In den USA ist man in Sachen AgeTech – damit sind Produkte und Dienstleistungen gemeint, die ältere Menschen unkompliziert nutzen können – schon weiter. Dort gibt es mehr Investor•innen, eine bessere Vernetzung und somit auch mehr Gründungen und Innovationen in dieser Branche. Doch auch hierzulande findet eine Neuorientierung statt. Investor•innen halten zunehmend Ausschau nach Start-Ups, die sich mit dem demografischen Wandel als einer der größten gesellschaftlichen Herausforderungen unserer Zukunft befassen.
Voraussetzungen für alle verbessern
Es reicht allerdings nicht, über die Chancen der Digitalisierung für ältere Menschen zu sprechen und die Entwicklung entsprechender Konzepte und Produkte zu fördern, ohne die Grundlagen für deren spätere Nutzung zu prüfen und sicherzustellen. Wie die Zahlen von Statistik Austria zeigen, nutzen 88,9 Prozent der 55- bis 64-Jährigen und über 65 Prozent der über 66-Jährigen das Internet. Einige Seniorinnen und Senioren sind jedoch allein deshalb nicht digital, weil schlicht und ergreifend die notwendige Infrastruktur dazu fehlt. Das betrifft insbesondere die Bewohnerinnen und Bewohner von Senioren- und Pflegeeinrichtungen, da immer noch ein Großteil dieser Einrichtungen nicht mit WLAN ausgestattet ist, geschweige denn mit freiem WLAN auf den Zimmern.
Die digitale Kluft nicht vergrößern
Aktuelle Umfragen zeigen, dass beinahe die Hälfte der Seniorinnen und Senioren Webseiten meiden, weil sie diese zu kompliziert finden.
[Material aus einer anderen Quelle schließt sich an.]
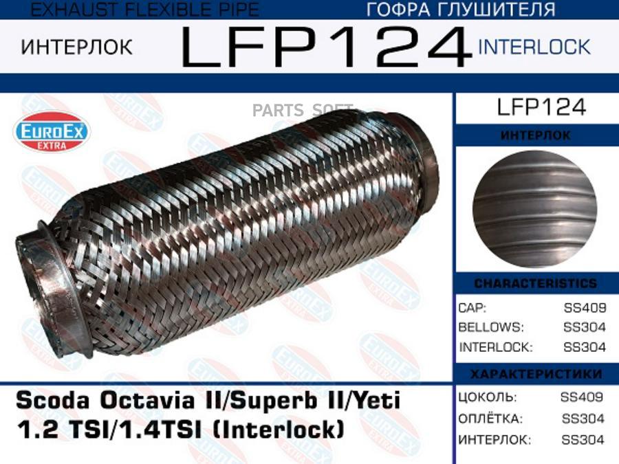 EUROEX LFP124 Гофра глушителя Scoda Octavia II/Superb II/Yeti 1.2 TSI/1.4TSI Interlock 1шт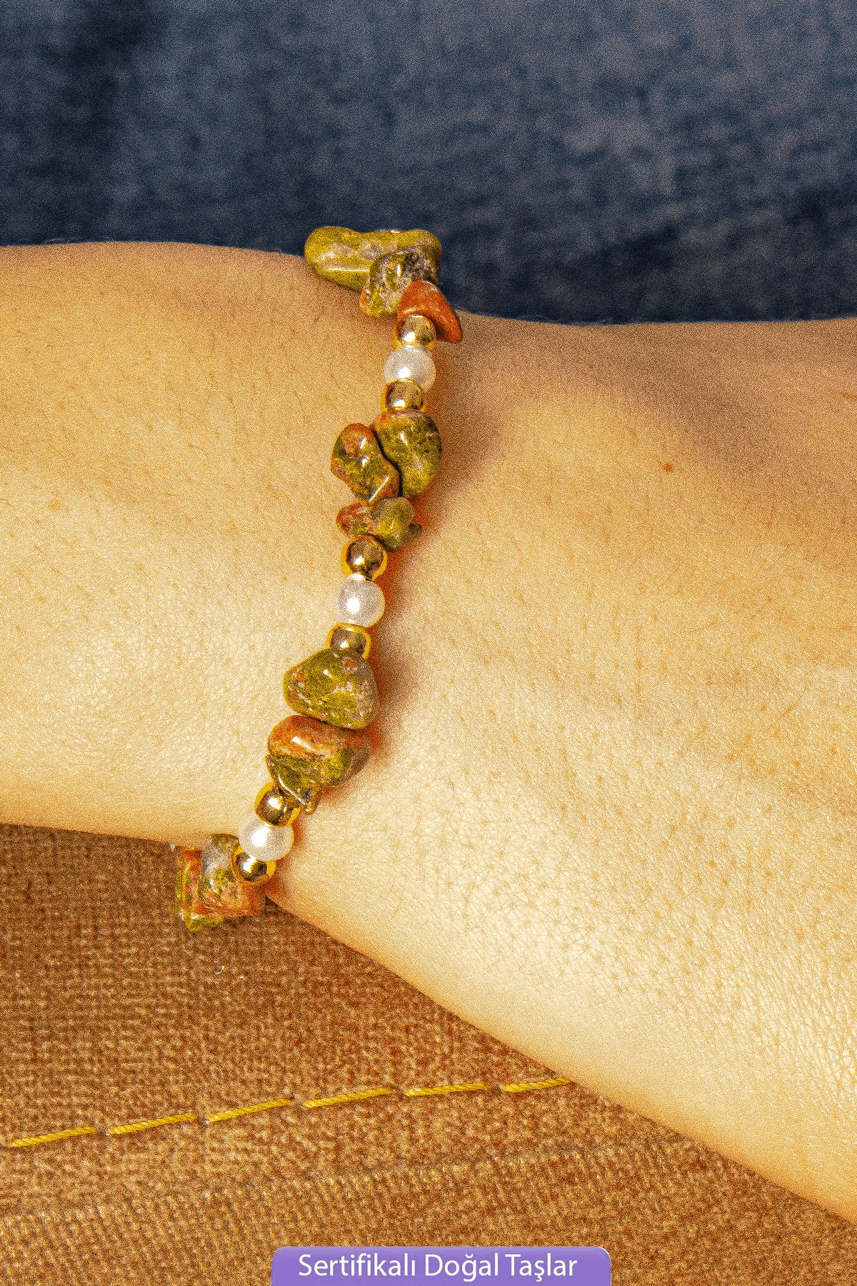 Sertifikalı İncili Unakit Taşlı Doğal Taş Kolye Bileklik Seti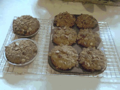 Na zdjęciu ciasto w formie muffinek (wyszło mi 8 dość sporych). Piekłam ok 25-30 minut. Wolę jednak wersję "ciastową", bo mieści się w niej więcej kruszonki (przy produkcji muffinek została mi niewykorzystana kruszonka), a ta część dodana do środka tworzy taką lepką, karmelową w smaku masę.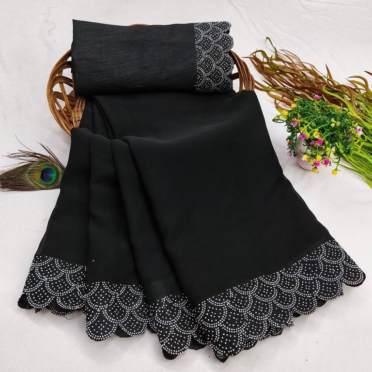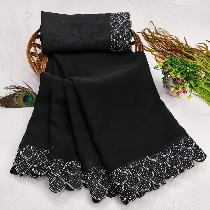 Harani Solid/Plain, Embellished Bollywood Georgette Saree (Black)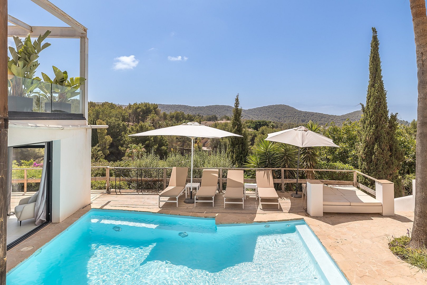 Tipo: Casa • Región: Ibiza ciudad y alrededores • Superfície total: 410 m2 • Total de habitaciones: 5 • Dormitorios: 4 • Baños: 4 • Superfície de parcela: 1.000 m2 • Chimenea • Piscina • Aseo de cortesia • Revestimiento del suelo: Baldosas •
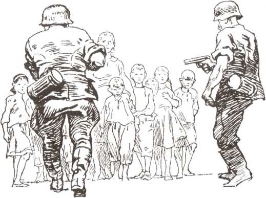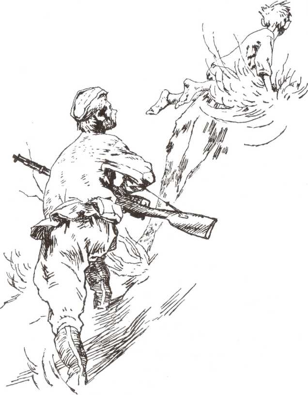 «Ты что тут?» — говорю я. «Я, — говорит, — корову ищу. Вы не видели, дядя? Маришкой зовут. Сама белая, а на боке черное. Один рог вниз торчит, а другого вовсе нет… Только вы, дядя, не верьте… это я все вру… пробую так. Дядя, — говорит, — вы от наших отбились?» «А это кто такие — ваши?» — спрашиваю. «Ясно кто — Красная армия… Только наши вчера за реку ушли. А вы, дядя, зачем тут? Вас немцы зацапают». «А ну, иди сюда, — говорю. — Расскажи, что тут в твоей местности делается». Голова исчезла, опять появилась нога, а ко мне по глиняному склону на дно оврага, как на салазках, пятками вперед, съехал мальчонка лет тринадцати. «Дядя, — зашептал он, — вы скорее отсюда давайте куда-нибудь. Тут немцы. У них вон у того леса четыре пушки стоят, а здесь сбоку минометы ихние установлены. Тут через дорогу никакого ходу нет». «И откуда, — говорю, — ты все это знаешь?» «Как, — говорит, — откуда? Даром, что ли, с утра наблюдаю?» «Для чего же наблюдаешь?» «Пригодится в жизни, мало ль что…» Стал я его расспрашивать, и малец рассказал мне про всю обстановку. Выяснил я, что овраг идет по лесу далеко и по дну его можно будет вывести наших из зоны огня. Мальчишка вызвался проводить нас. Только мы стали выбираться из оврага, в лес, как вдруг засвистело в воздухе, завыло и раздался такой треск, словно вокруг половину деревьевразом на тысячи сухих щепок раскололо. Это немецкая мина угодила прямо в овраг и рванула землю около нас. Темно стало у меня в глазах. Потом я высвободил голову из-под насыпавшейся на меня земли, огляделся: где, думаю, мой маленький товарищ? Вижу, медленно приподымает он свою кудлатую голову от земли, начинает выковыривать пальцем глину из ушей, изо рта, из носа. «Вот это так дало! — говорит. — Попало нам, дядя, с вами, как богатым… Ой, дядя, — говорит, — погодите! Да вы ж раненый». Хотел я подняться, а ног не чую. И вижу — из разорванного сапога кровь плывет. А мальчишка вдруг прислушался, вскарабкался к кустам, выглянул на дорогу, скатился опять вниз и шепчет: «Дядя, — говорит, — сюда немцы идут. Офицер впереди. Честное слово! Давайте скорее отсюда. Эх ты, как вас сильно!..» Попробовал я шевельнуться, а к ногам словно по десять пудов к каждой привязано. Не вылезти мне из оврага. Тянет меня вниз, назад… «Эх, дядя, дядя!.. — говорит мой дружок и сам чуть не плачет. — Ну, тогда лежите здесь, дядя, чтоб вас не слыхать, не видать. А я им сейчас глаза отведу, а потом вернусь, после…» Побледнел он так, что веснушек еще больше стало, а глаза у самого блестят. «Что он такое задумал?» — соображаю я. Хотел было его удержать, схватил за пятку, да куда там! Только мелькнули над моей головой его ноги с растопыренными чумазыми пальцами — на мизинчике синяя тряпочка, как сейчас вижу… Лежу я и прислушиваюсь. Вдруг слышу: «Стой!.. Стоять! Не ходить дальше!» Заскрипели над моей головой тяжелые сапоги, я расслышал, как немец спросил: «Ты что такое тут делал?» «Я, дяденька, корову ищу, — донесся до меня голос моего дружка, — хорошая такая корова, сама белая, а на боке черное, один рог вниз торчит, а другого вовсе нет. Маришкой зовут. Вы не видели?» «Какая такая корова? Ты, я вижу, хочешь болтать мне глупости. Иди сюда близко. Ты что такое лазал тут уж очень долго, я тебя видел, как ты лазал». «Дяденька, я корову ищу…» — стал опять плаксиво тянуть мой мальчонка. И внезапно по дороге четко застучали его легкие босы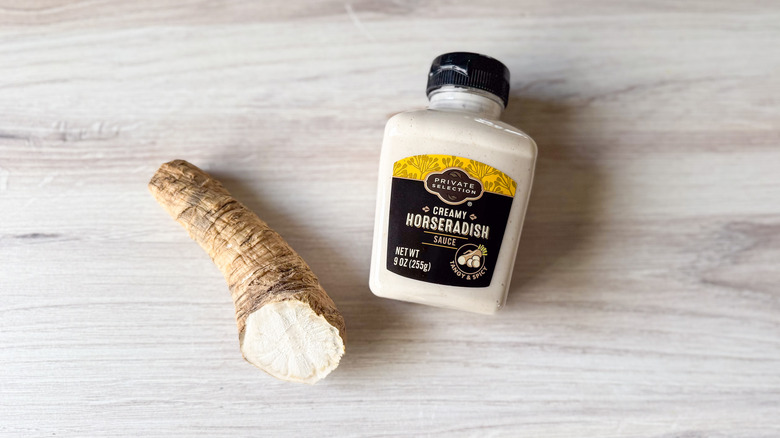 Prepared horseradish — AKA the creamy stuff you might find in the condiment aisle — has a more tempered flavor, as the freshly grated horseradish flesh is soaked in vinegar. This halts the enzymatic process in the root that produces the heat and spice, while still preserving the flavor. Creamed versions of prepared sauce may also contain sugar, egg, and other spices to balance the intensity of the root. Using freshly grated horseradish in recipes will give a distinct boldness of flavor, but also add a bitter edge. The prepared horseradish sauce should be used when you want a more subtle flavor in your finished product.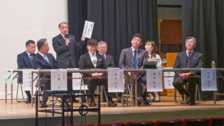 市教育委員会「自治体教創コンソーシアム」に参画小規模特認校制度など共同研究府北部の首長、教育長らと共に登壇し「心を動かす教育」を語る小林教育長=福知山市で※詳細は紙面で。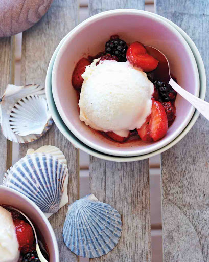 Lemon ice cream -- made with lemon zest and heavy cream -- makes a gorgeous pairing with summer berries.

Ein Viertel der Befragten verlässt jede Woche Webseiten, weil er oder sie damit nicht zurechtkommt. Fast jede•r Zweite beklagt eine schlecht nachvollziehbare Navigation auf Webseiten. Außerdem ist das Ausfüllen von Onlineformularen oft zu kompliziert oder missverständlich, Schriften sind schlecht lesbar, die Farbgestaltung ungünstig und viele Texte sind schwer verständlich formuliert.
Wer seine Website nur mit technikaffinen Personen testet, Ältere jedoch außen vorlässt, verliert potenzielle Userinnen und User. Darüber hinaus zeigen diese Daten recht deutlich, dass Ältere offensichtlich nicht im Fokus dieser Webseitenbetreiber stehen. Wer jedoch ältere Nutzerinnen und Nutzer in die Webseitenentwicklung mit einbezieht, bringt im günstigsten Fall nicht nur benutzerfreundlichere Webseiten ins Netz, sondern setzt auch ein klares Statement, dass die Meinung und Teilhabe älterer Menschen wichtig ist.
Gleichzeitig braucht es aber auch mehr niederschwellige Angebote, um die Kompetenzlücke bei der Digitalisierung zwischen Jung und Alt zu schließen. Volkshochschulen, Institutionen und Vereine sind da schon sehr aktiv. Doch die Kompetenzlücke klafft nicht nur zwischen Jung und Alt beziehungsweise „Digital Natives“ und „Internetneulinge“. Es gibt vor allem auch innerhalb der Älteren zum Teil sehr große Unterschiede. Beruf, Geschlecht, Einkommen, Bildung, Migrationshintergrund und Gesundheit haben ebenfalls Einfluss auf die Digitalkompetenz. Und nicht alle trauen sich, die verfügbaren Angebote wahrzunehmen. Mit niederschwelligen Initiativen, die zu den Leuten gehen, kann man Berührungsängste abbauen und Begeisterung für digitale Angebote wecken. Sinnvoll sind zum Beispiel Kooperationen mit Wohnbauanbietern von Betreuungseinrichtungen oder innerhalb von Dorfstrukturen.